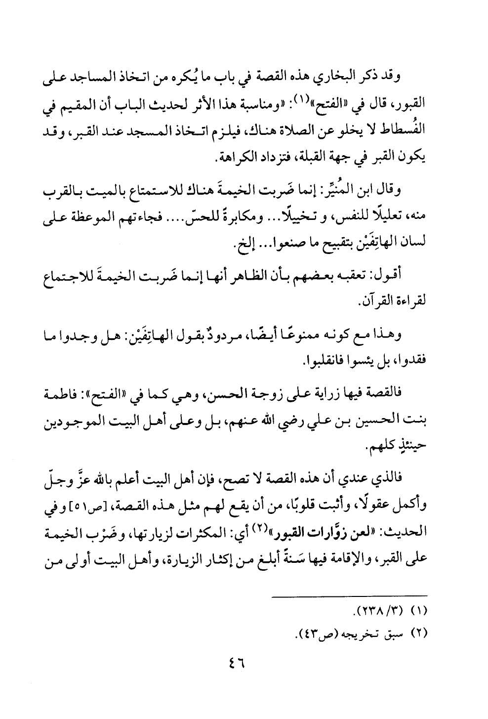 فالذي عندي أن هذه القصة لا تصح، فإن أهل البيت أعلم بالله عزَّ وجلّ وأكمل عقولًا، وأثبت قلوبًا، من أن يقع لهم مثل هذه القصة، [ص ٥١] وفي الحديث: "لعن زوَّارات القبور" (¬٢) أي: المكثرات لزيارتها، وضَرْب الخيمة على القبر، والإقامة فيها سَنةً أبلغ من إكثار الزيارة، وأهل البيت أولى من
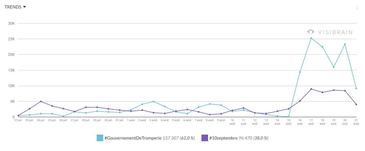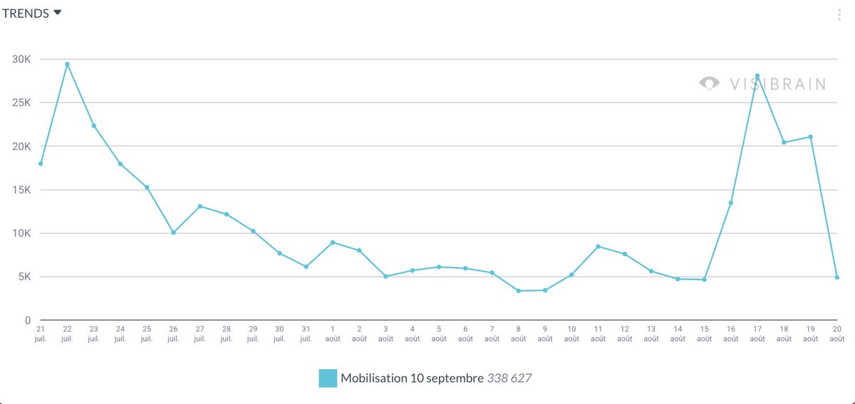 Si on regarde l'analyse de la popularité de ces mots-clés, on remarque un vrai rebond les 16, 17 et 18 août, au moment du soutien de Jean-Luc Mélenchon et de LFI à ce mouvement.
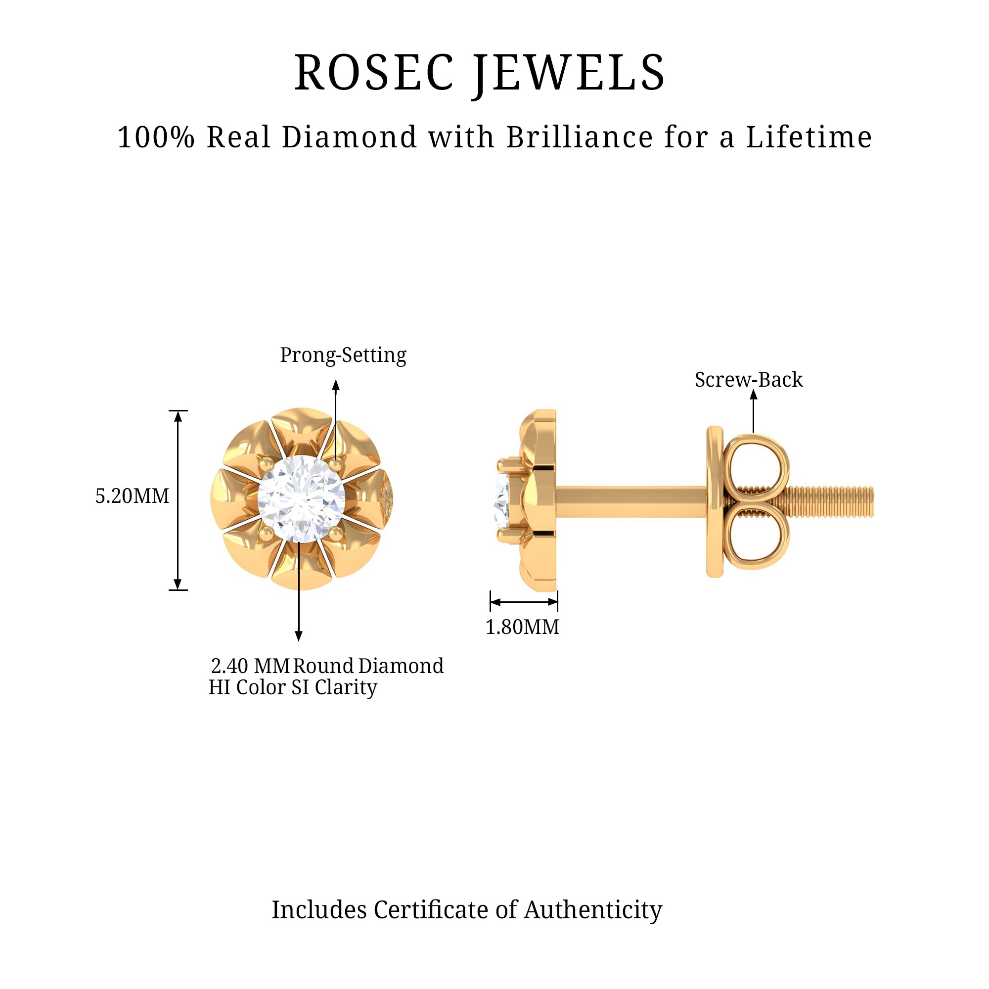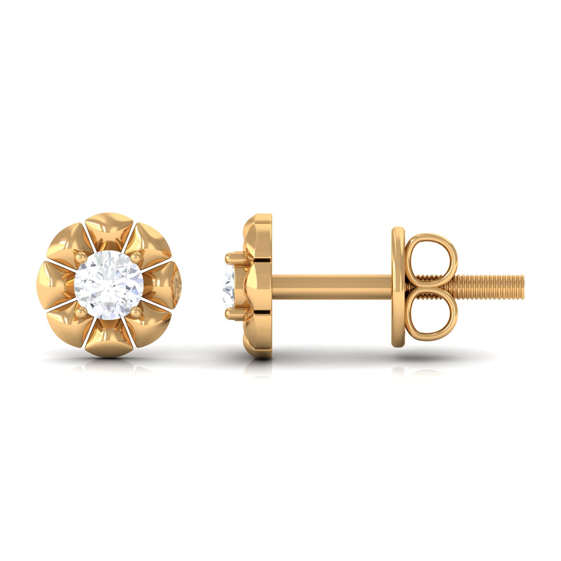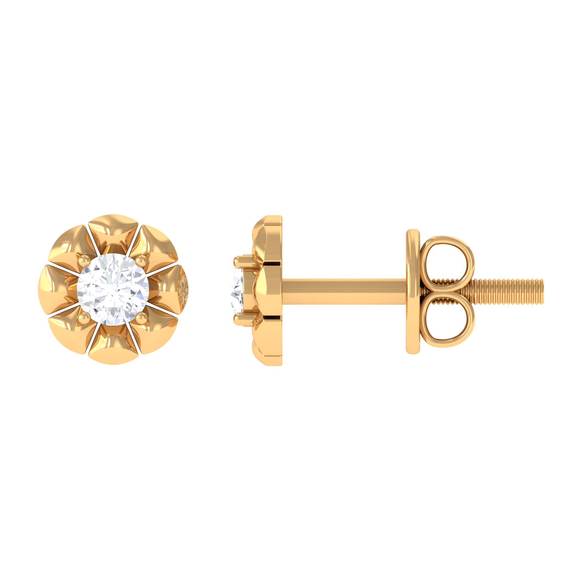 To mark a classic style statement here is the Diamond Stud Earring. This flower earrings are adorned with round-shaped diamonds in the prong setting which is decorated with metal petals making it a beautiful flower. These earrings embellished with HI-SI Diamond make it eye catchy. These Diamond Flower Earrings are classic and elegant which makes it perfect to be gifted on Valentines Day. The Floral look of these Nature Inspired Earrings represents the love and care you have.
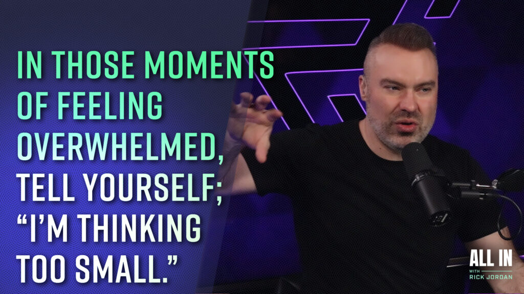 But if I think bigger, if I dream bigger, then I can easily solve that. Because if I’m looking to solve this one problem about one thing, but I get overwhelmed because I’m focusing on that and I tell myself, Rick, you’re thinking too small. But then I take a look, it’s like, well, if I had this one thing, what if I had a hundred of these to solve at one time? Then I start to solve this massive scenario that doesn’t even exist, but it could in the future. It doesn’t exist right now, but you start to make different decisions. You start to make bigger, more impactful, more powerful decisions that actually start to make that little problem that you’re overwhelmed about seem pretty tiny and inconsequential. That’s the beauty of this because self-made millionaires dream big. And then all of a sudden when you accomplish that, that can, that can solve for a hundred of whatever.
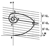 Кривая 0abcd... w0 в плоскости w – M представляет собою динамическую механическую характеристику. Соответствующие зависимости w(t), i(t) или M(t) показаны на рис. 4.20, б. Так как в якорной цепи есть сопротивление Rя процесс перекачивания энергии сопровождается ее рассеиванием, вследствие чего система после ряда колебаний приходит в точку w0, соответствующую установившемуся режиму. Если бы сопротивление Rя было равным нулю, колебания w и М имели бы незатухающий характер. Если, наоборот, Rя велико, энергии, запасенной в Lя на участке 0а, может оказаться недостаточно для покрытия потерь в Rя и вывода якоря в точку w > w0 при i = 0. В этом случае процесс будет иметь апериодический характер. Количественное описание рассмотренных выше процессов можно получить, решив совместно (4.1) и (4.23). Из (4.1) при Мс = 0 следует:
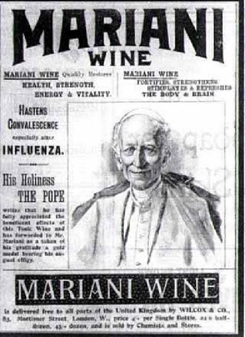 Mariani wine (1875) was the most famous Coca wine of it's time. Pope Leo XIII used to carry one bottle with him all the time. He awarded Angelo Mariani (the producer) with a Vatican gold medal.
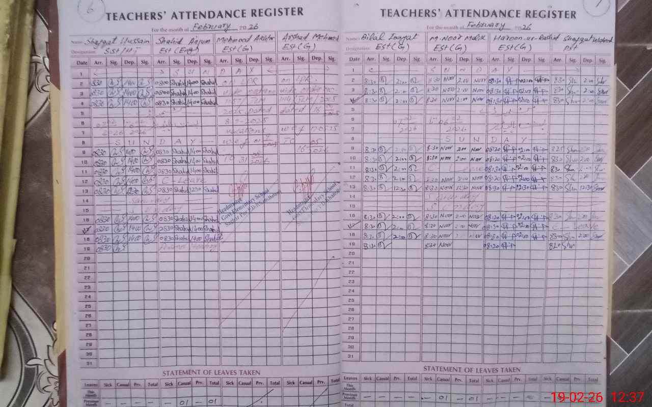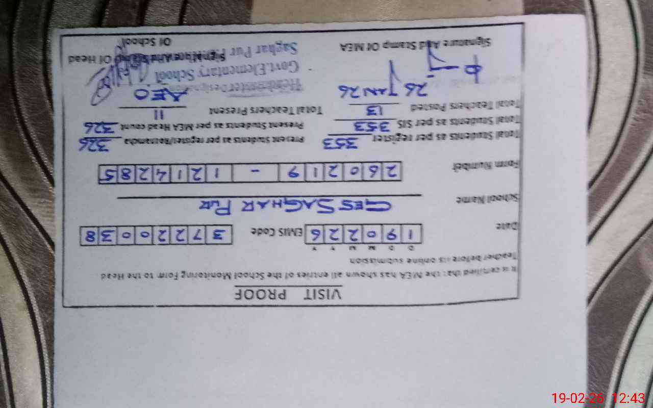 | Attendance Register | Head Teacher | MEA with School | Visit Proof |
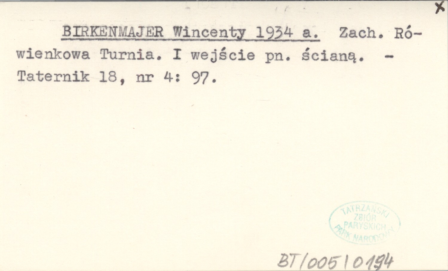 BIRKENMAJER Wincenty 1934 a Zach. Rówienkowa Turnia. I wejście pn. ścianą.

____________

Starting with the line that contains "Visit Proof |" and ending with the last line of the material, every line must be written out exactly; no other lines and no pictures are wanted.

 | Attendance Register | Head Teacher | MEA with School | Visit Proof |
 BIRKENMAJER Wincenty 1934 a Zach. Rówienkowa Turnia. I wejście pn. ścianą.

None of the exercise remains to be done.